Semanas após as eleições presidenciais do México, milhares de pessoas protestaram contra o declarado vencedor, Enrique Peña Nieto, e o iminente retorno ao poder do partido que governou o México por mais de sete décadas. O Partido Revolucionário Institucional (PRI), que está programado para tomar posse em 1º de dezembro, enfrenta agora acusações crescentes de fraude, uma demanda legal para declara as eleições inválidas e um movimento jovem que se recusa a recuar.
“México, Sem o PRI”, “Instituto Eleitoral, seu covarde – Corrija as eleições!” e “México votou e Peña não ganhou!”, homens e mulheres cantavam esses slogans através das avenidas do centro da cidade na última manifestação, prometendo que o político mais conhecido por seu penteado e conexões com a antiga política de estilo mexicano nunca assumiria o cargo. A maioria dos manifestantes tem idade universitária, mas contingentes de trabalhadores, associações de moradores e cidadãos de todas as idades participam.

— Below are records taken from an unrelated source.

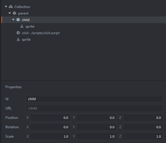 Мы видим, что в консоли показываются локальные координаты для ребёнка. И они отличаются от предыдущего случая с go.get_world_position().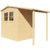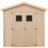 A Timbela M369F kerti faház 4,33 m2-es alapterületet kínál kerti gépek, szerszámok vagy bútorok számára. A stabil kétszárnyú ajtó (116 cm x 175 cm) 34 mm vastag kerettel és zárral megkönnyíti a nagy tárgyak berakását. A beépített ablak (39 cm x 45 cm) kellemes napfényt biztosít a belső térben. A 218 cm-es teljes magasságnak köszönhetően állva is kényelmes munkavégzést tesz lehetővé. Ez a modell nem tartalmazza a padlót. Klasszikus kialakítás Időtlen formá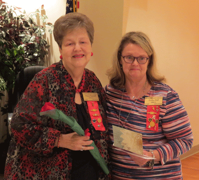 September 17, 2019 - President Evelyn Hall (right) presents Nancy Tunstall with a rose and card stating that Gamma Chi has made a donation to the Gamma Chi Scholarship Fund in memory of her husband, Ed Tunstall |

Muitos defendem o candidato da oposição e segundo lugar nas eleições, Manuel Andrés Lopéz Obrador. Mas a mídia, quando confrontada com as mensagens reais e os motivos do movimento, simplesmente proclama que todo o movimento é um artifício de maus perdedores.
#YoSoy132
O México está vendo o nascimento de um movimento pela real democracia. Ele é liderado por uma geração que quer romper o cinismo de uma nação acostumada à corrupção e ao autoritarismo. Seus membros não desafiam apenas os resultados das eleições, mas a própria definição de democracia.
O movimento chamado de “#YoSoy132” (#EuSou132) surgiu em protesto a Peña Nieto em alguns centros universitários locais baseado no princípio de que a democracia não pode ser comprada. Jovens sem memória adulta de viverem sob o PRI têm olhado para a história de seu país e decidiram que não querem voltar para lá.

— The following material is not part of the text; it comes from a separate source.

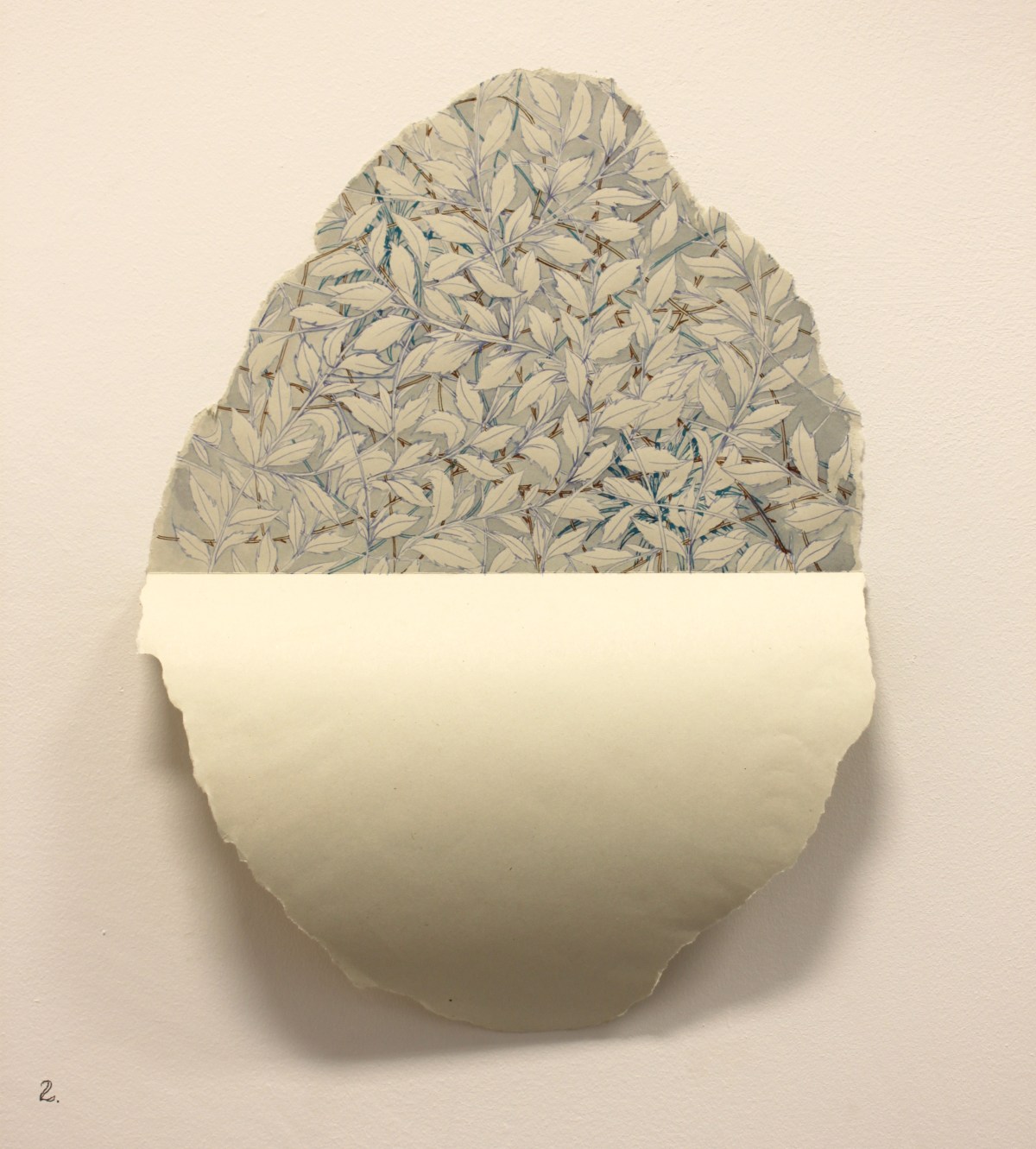 These are new works, influenced by william Morris wallpaper designs that peel back the gallery walls to reveal the undergrowth that was once in its place.

O movimento “#YoSoy132”, com o símbolo ‘#’ em seu nome marcando a identidade de sua geração, tem uma ampla plataforma que inclui: a democratização da mídia para garantir o direito à informação e a liberdade de expressão; “educação secular, livre, científica, pluricultural, democrática, humanista, popular, crítica e de qualidade”; mudança no modelo econômico neoliberal com menos ênfase no mercado e maior envolvimento do Estado; transformação do modelo de segurança e justiça e a retirada do exército da segurança pública; democracia participativa e autonomia; e saúde como um direito humano.
Turbulenta estrada do PRI no poder
Poucas pessoas previram os protestos pós-eleitorais no México ou a rápida ascensão do movimento liderado pela juventude contra Peña Nieto. O PRI aprendeu com sua derrota para Vicente Fox em 2000 e os convulsivos protestos pós-eleitorais de 2006, quando o candidato conservador Felipe Calderón foi declarado vencedor com mínima margem e acusações generalizadas de fraude. O PRI planejou evitar ambos os cenários, promovendo seu candidato anos antes para posicioná-lo como a imagem do “novo PRI”.
O esforço incluiria acordos secretos com as principais estações de televisão para a cobertura favorável na mídia que datam de 2009. Tanto a revista mexicana Proceso e depois a The Guardian reportaram sobre esses contratos, embora o PRI tenha negado as acusações.
Também incluiu reconstruir a máquina política que serviu o partido durante seus 71 anos de domínio ininterrupto por todo o país. Essa máquina política sofreu um golpe duro e debilitante com a eleição de Vicente Fox do conservador Partido Ação Nacional (PAN) em 2000.
O PRI não só perdeu o leme de uma nação que tinha confidentemente controlado por anos, mas também perdeu sua maioria no Legislativo e em vários governos estaduais. Foi uma queda dramática e vergonhosa do poder e a idade dos “dinossauros”, como a elite política do PRI é chamada, parecia estar realmente acabada.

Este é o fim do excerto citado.